/---
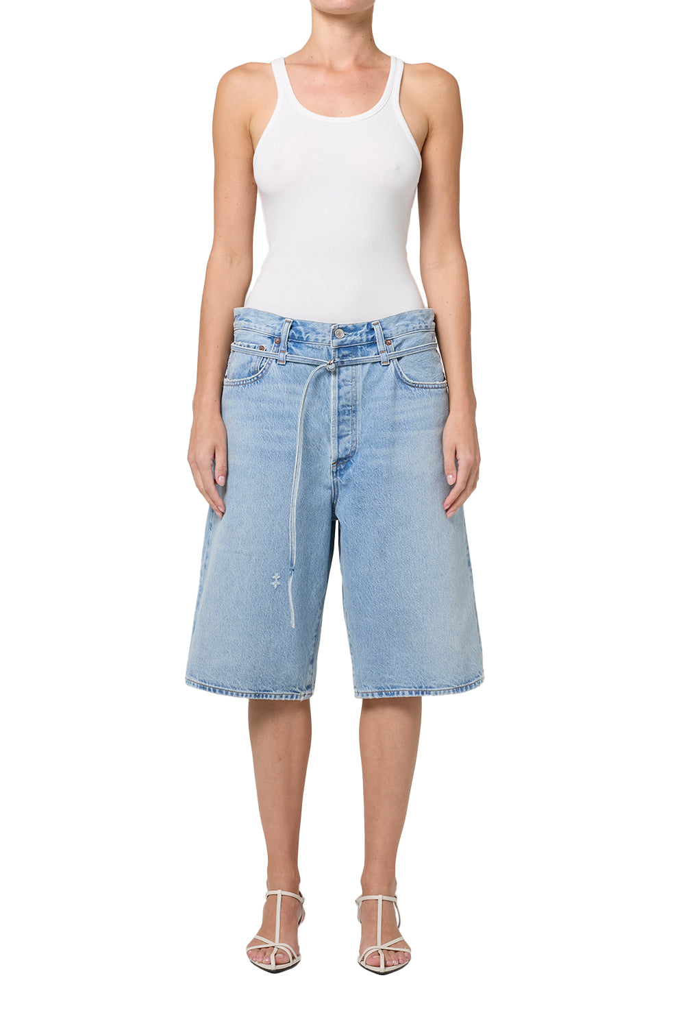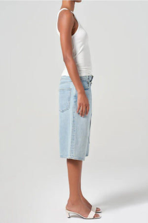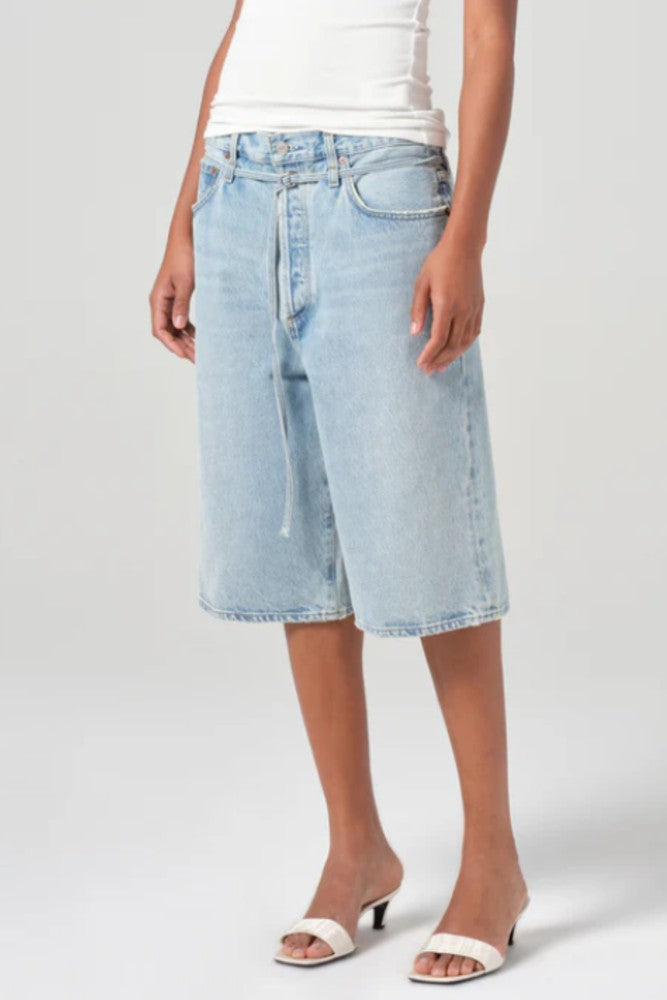 This oversized fit short is not your average pair. It features a long inseam, perfect for a slouchy look, and is cinched with a thin denim belt for added style.
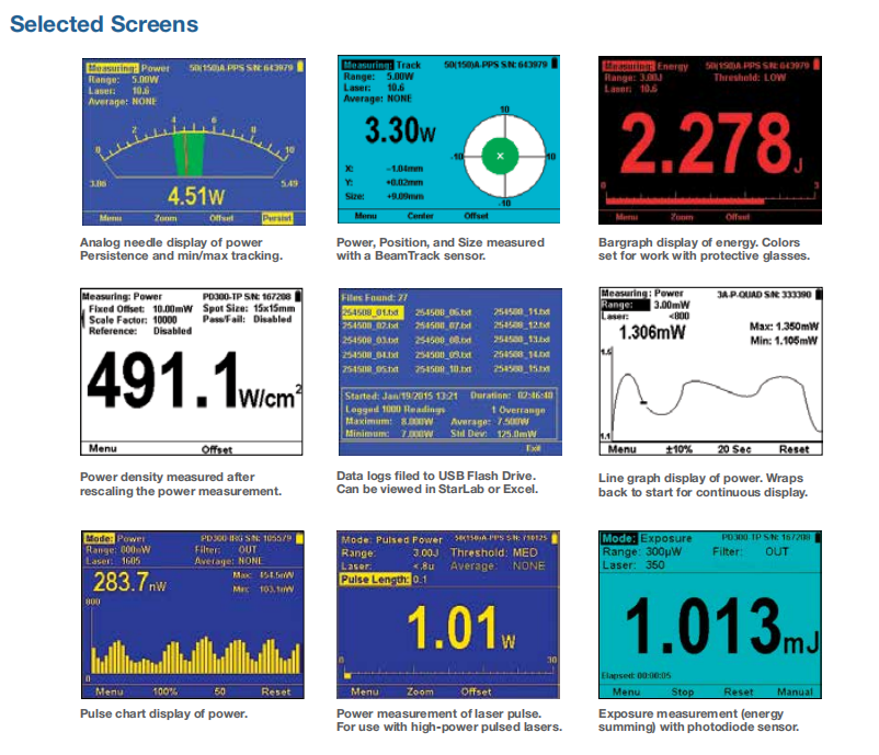 设备支持电池或交流电供电(充电器可兼作 AC 适配器),明亮的显示屏和用户可选的颜色格式适用于暗室环境或佩戴防护眼镜时使用。内置 USB 和 RS232 接口与 StarLab PC 软件配合,支持实时数据处理或历史数据调用,并在 PC 上图形化显示结果,同时提供 LabVIEW 驱动、COM 对象接口和演示源代码。屏幕布局与功能
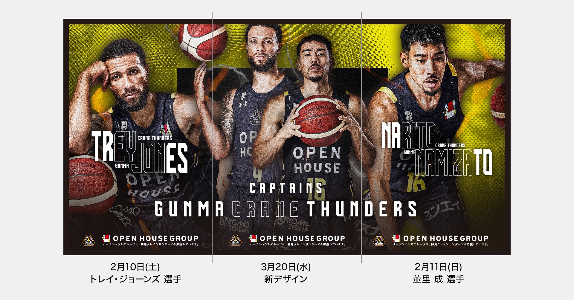 さらに、当日参加できないファンの皆様でも楽しめる参加型のSNSキャンペーン「#サンダーズ見つけた」も開催しますので、ぜひご参加ください。今後とも群馬クレインサンダーズ、太田市、オープンハウスグループが、三位一体となって、地域に根差したチーム運営を推進してまいります。
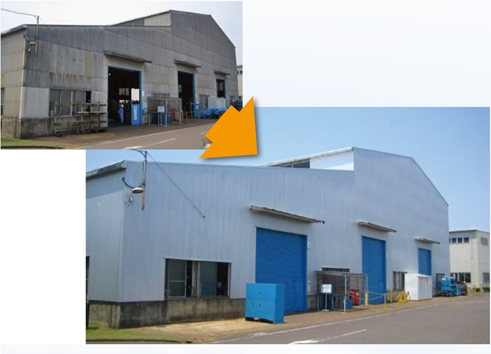 梅干しなどの販売を行っている株式会社ウメカ食品様。スレート工場の老朽化で悩まれていた大谷社長から相談を受け、工場の改修を受け持たせていただきました。
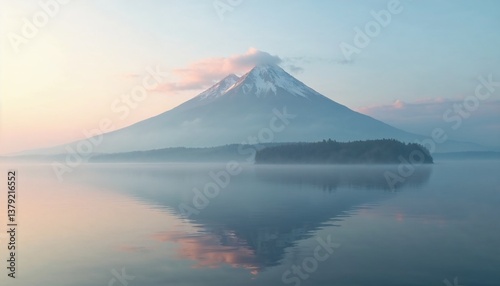 © Angavlan, Fototapeta premium Majestic mountain reflection over calm water at sunrise
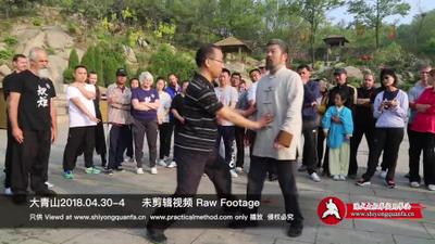 大家看一下,他这个胳膊已经收了一点了,这一收就不行了,英语…嗯哼,这个是加的是什么呢?他在推这儿的时候,我把这个手往前面一点,这个也往前,底下也往前,这整个的我是往前吞了一下,就是这么个意思,这么个意思,他不是这么样,所以他一碰的时候,你看,我走到前面去了,这个走到前面,英语…,他这里就不管用了,如果我和他这样,他就越推越厉害,英语…这样他就有劲了,这他就有劲了,但这个时侯你看,我已到了他的后面来了,他就,这个劲就没了,说所有的动做呢,他都包含这个东西。有的大,有的小。
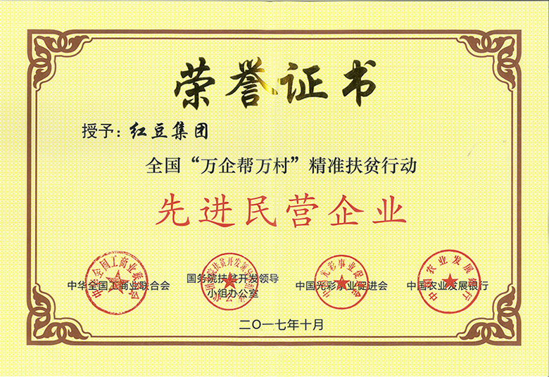 統籌共建,“輸血”扶貧。2014年6月,紅豆集團與11個地處西部山區,經濟落后的紅豆村簽訂統籌共建協議,促進紅豆村在黨建、經濟、文化工作全面發展;2017年4月,紅豆集團與經濟薄弱村徐州豐縣首羨鎮三官廟村開展“城鄉結對、文明共建”活動,助推高水平全面小康建設;2017年8月,在“中國光彩事業涼山行”活動中,紅豆集團向涼山地區捐贈200萬元,為四川老區群眾脫貧攻堅貢獻一份力量;2018年6月,紅豆集團向江蘇民營企業決勝全面小康社會精準扶貧基金捐資,為打贏脫貧攻堅戰再出力。2017年10月,紅豆集團榮獲全國“萬企幫萬村”精準扶貧行動先進民營企業。
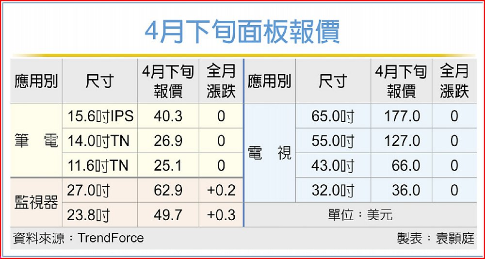 TrendForce公布最新4月下旬面板報價,電視面板和筆電面板價格全面持平,而監視器面板則是維持小漲走勢。由於品牌廠庫存到一定水位,再加上關稅不確定性影響,多數品牌廠4月開始下修訂單,因此第二季電視面板出貨季增率下修到2%,而IT面板拉貨相對平穩。
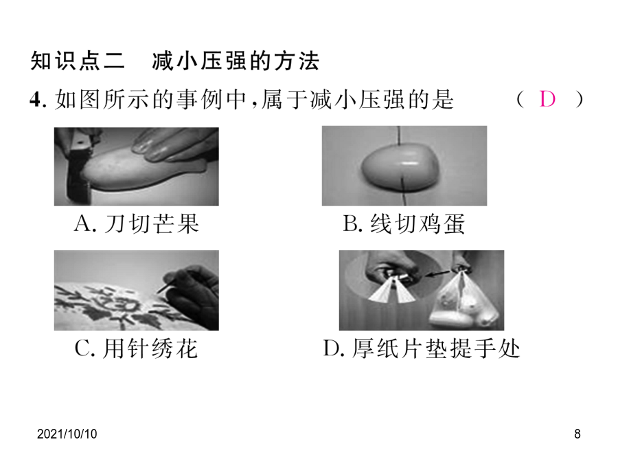 最新第2课时增大或减小压强的方法及压强的应用-经典通用.ppt
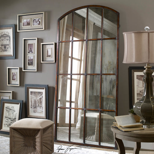 This Oversized Arch Features A Forged Iron Frame In A Hand Applied Warm Bronze Finish With Burnished Distressing Encasing An Antique Style Mirror.D...
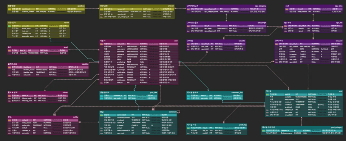 - ERD 작업을 진행할 때, 관계를 어떻게 설정할 건지에 관해서 정말 많은 토의를 했다.
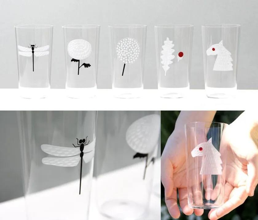 うすはりグラスに江戸切子の伝統技法「花切子」を用いてモチーフを描き、漆で鮮やかに絵付けを施した現代の江戸切子。新作は、前回に続き、UMEBOSIらしい“赤いマル”を用いた「木の葉と実」や「馬」の絵柄の他、繊細な黒漆のラインの「トンボ」、花びらの集合が美しい「菊」、小さな十字のカットが可愛らしい「タンポポの綿毛」など、新しい展開へ広がったデザイン。第1弾の「ウサギ」「サクランボ」モチーフとの組み合わせも楽しめる、計7種類がWISE・WISE tools店頭に並びます。
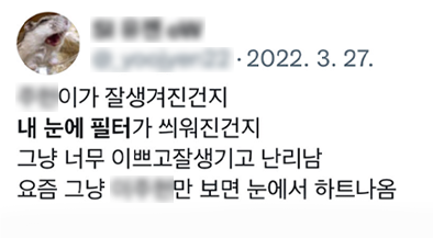 요즘 MZ세대는 '눈에 콩깍지가 씌었다'라는 말 대신에 '필터 씌었다' '필터 꼈다'라는 말로 대체하여 표현한다고 합니다.
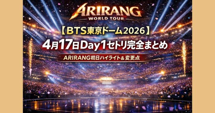 【BTS東京ドーム2026】4月17日Day1セトリ完全まとめ|ARIRANG初日ハイライト&変更点
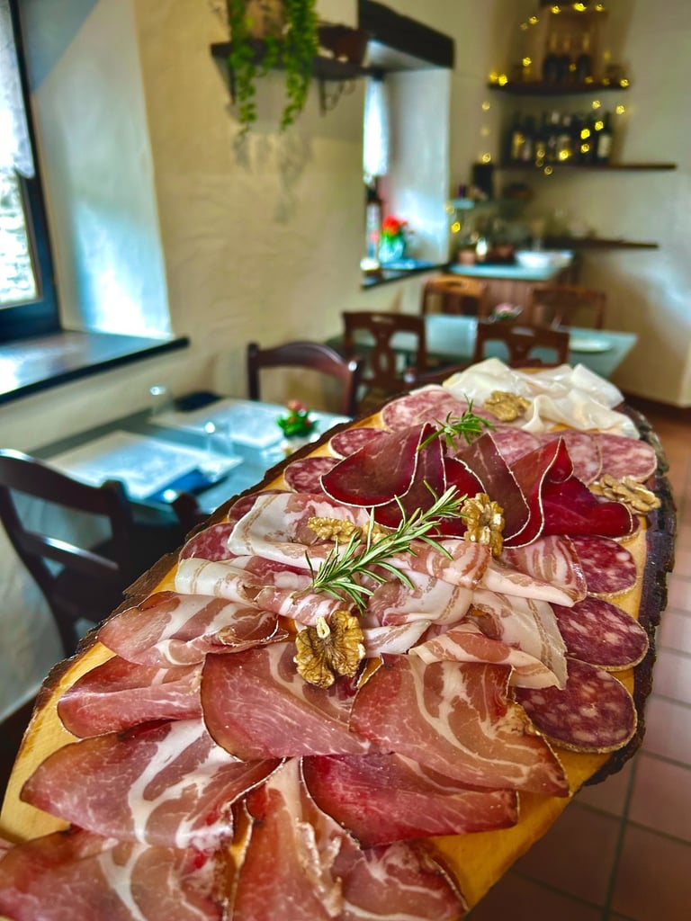 Die Atmosphäre ist rustikal und stimmungsvoll – der Innenraum verfügt über einen Kamin, der eine warme und einladende Stimmung wie zu Hause schafft. Die Außenterrasse unter dem Weinpergola ist ruhig und abgeschieden, abseits des Verkehrs der Hauptstraße, aber dennoch leicht erreichbar: entweder mit dem Auto von den Parkplätzen unterhalb des Grottos oder zu Fuß vom alten Dorfkern aus. Ein idealer Ort, um angenehme Stunden in Gesellschaft des Partners, mit der Familie oder Freunden zu verbringen.
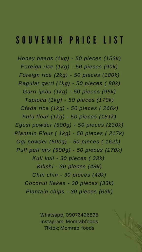 To view more on food packages for gifts and souvenirs, check our social media handles. we can always work according to your taste and budget.
\---
_What this task involves_
Print the line above containing "最新第2课时增大或减小压强的方法及压强的应用-经典通用.ppt", the line containing "- ERD 작업을 진행할", and everything between them, exactly as written. Pictures stay out.

_Reply to the task_
 最新第2课时增大或减小压强的方法及压强的应用-经典通用.ppt
 This Oversized Arch Features A Forged Iron Frame In A Hand Applied Warm Bronze Finish With Burnished Distressing Encasing An Antique Style Mirror.D...
 - ERD 작업을 진행할 때, 관계를 어떻게 설정할 건지에 관해서 정말 많은 토의를 했다.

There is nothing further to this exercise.